Will Manso: 2018 Marlins season preview

It will get worse before it gets better, so what should fans look for this year?

New Marlins CEO Derek Jeter is trying to remake the Marlins
New Marlins CEO Derek Jeter is trying to remake the Marlins

MIAMI – Opening day. A day for optimism. A day for baseball fans to come together and dream of a winner.

Unless you're the Miami Marlins.

I'm going to preface my 2018 Marlins preview by stating a pretty simple take. The Marlins will be awful this season. They will be one of the worst teams in baseball.

If you're looking for sugarcoating then it's probably best you stop reading right here.

I'll break up this preview into two parts; what the team is doing for the long term and what the team will be like in the short term.

I think anyone who has read my Marlins takes or follows me on social media knows that I'm all in for Derek Jeter's so-called "building" plan. 

Since the death of Jose Fernandez changed the franchise forever, I've advocated for the Marlins to start from scratch. The plan they had wasn't working. Despite having the NL MVP and a solid part of the order, the Marlins hadn't sniffed a playoff team or a .500 record in about a decade. This team wasn't close, and the farm system was decaying to the point of being the worst minor league systems in baseball.

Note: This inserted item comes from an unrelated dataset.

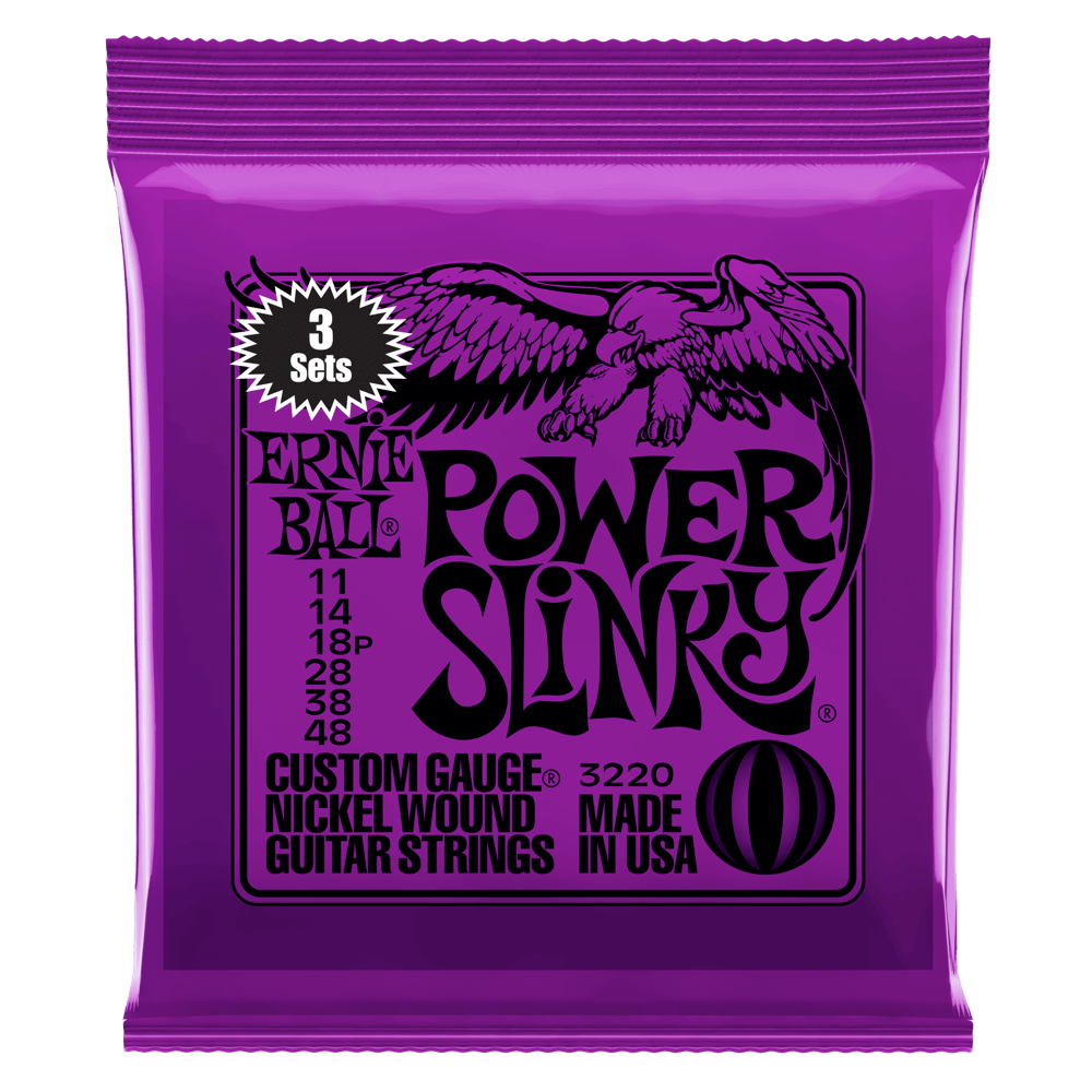 Ernie Ball Power Slinky Electric Strings are a perfect match for those who like chunky rhythms for rock and roll or blues Power Slinkys have long been favored by Slash, Metallica, and Kenny Wayne Shepherd due to the thicker gauge combination providing a slightly more powerful tone These strings are precision manufactured to the highest standards and most exacting specifications to ensure consistency, optimum performance, and long life Power Slinky wound strings are made from nickel plated steel wire wrapped around a hex shaped steel core wire The plain strings are made of specially tempered tin plated high carbon steel producing a well balanced tone for your guitar Gauges .011, .014, .018p, .028, .038, .048

Combine that with the highest payroll in franchise history and one of the lowest attendances in baseball, and clearly something needed to change.

Exit Jeffrey Loria. Enter Derek Jeter. Hallelujah! Or at least most would think.

As Jeter has learned since taking over the team, baseball is a tough sell in this town. Years of being betrayed by Loria has left fans bitter and cynical. I can’t blame them.

Jeter can choose to say he's building something, and that's fine. But let's not kid ourselves. This is a complete rebuild. A massive overhaul that will take years to complete and will take a lot of losing and suffering to get to the payoff.

I'm not going to spend too much time on whether Jeter is actually capable of doing this the right way. His critics have already said he doesn't know how to do this and can’t lean on just being a future Hall of Fame player to make it work.

Fair enough. That's a debate for another day. So far, I like what he's doing, but only time and patience will tell.

Back to the 2018 Marlins. There is no debate. This team is bad. This is basically an expansion team. Manager Don Mattingly pretty much admitted that during spring training.

The starting rotation on opening day is the worst in baseball. It’s not even close.

The bullpen will be overworked and isn't very deep to begin with.

The lineup will have all kinds of issues scoring runs.

Let's see, bad pitching. A weak offense. Yeah, this team will have issues.

What do fans have to look forward to? The youth movement. Prized prospect Lewis Brinson will open the season with the big league club and get a fair shot to prove he can play every day

Brinson fits the profile of a future star. He's big, strong, fast, charismatic and hard-working. He can potentially be the future face of the franchise, though we should temper expectations for this season, as he will have some growing pains.

Brian Anderson will get a shot to prove he belongs over at third base while Martin Prado starts the season on the disabled list. He could keep the job if he proves worthy.

We should see top pitching prospect Sandy Alcantara up in the big leagues very early in the season. That's something to watch for.

Starlin Castro, Justin Bour and JT Realmuto, when he returns from injury, are expected to be the run producers. It's quite a drop off from Stanton, Yelich and Ozuna, but that's where the Marlins are as a team for 2018.

Everything is a drop off.

The real story of this season is what's going on behind the scenes and away from the major league field. The Marlins have revitalized a terrible farm system with some exciting players who will likely be ready to help for 2019 and 2020.

That's not exactly what you want to hear on opening day 2018, but that's what comes with the territory in rebuilding an organization.

Off the field, Jeter is tying to build his blueprint and image of what a franchise should look like. A team that plays hard and the right way and a ballpark, in-game experience that is fun for the family.

Again, all of this sounds great and I’m all for the long term plan, but this plan includes lots of pain short term. This season will be about as painful as possible to watch.

The last two seasons I've lucked out with my Marlins preseason predictions by correctly saying the team would win 79 and 77 games. I wish I had been wrong and those teams had been better.

This season I can't imagine this team will win more than 70 games, and it's possible they could lose 100 games. Again, I hope I'm wrong, but it's unlikely this team can surprise people.

Better times may be ahead, and with every passing day the memory of Jeffrey Loria gets farther and farther away in the rear view mirror.

The only thing that remains, for now, is the losing. And, oh yeah, the home run statue in the outfield. The upside of being so bad is that I wouldn't expect it to go off that often.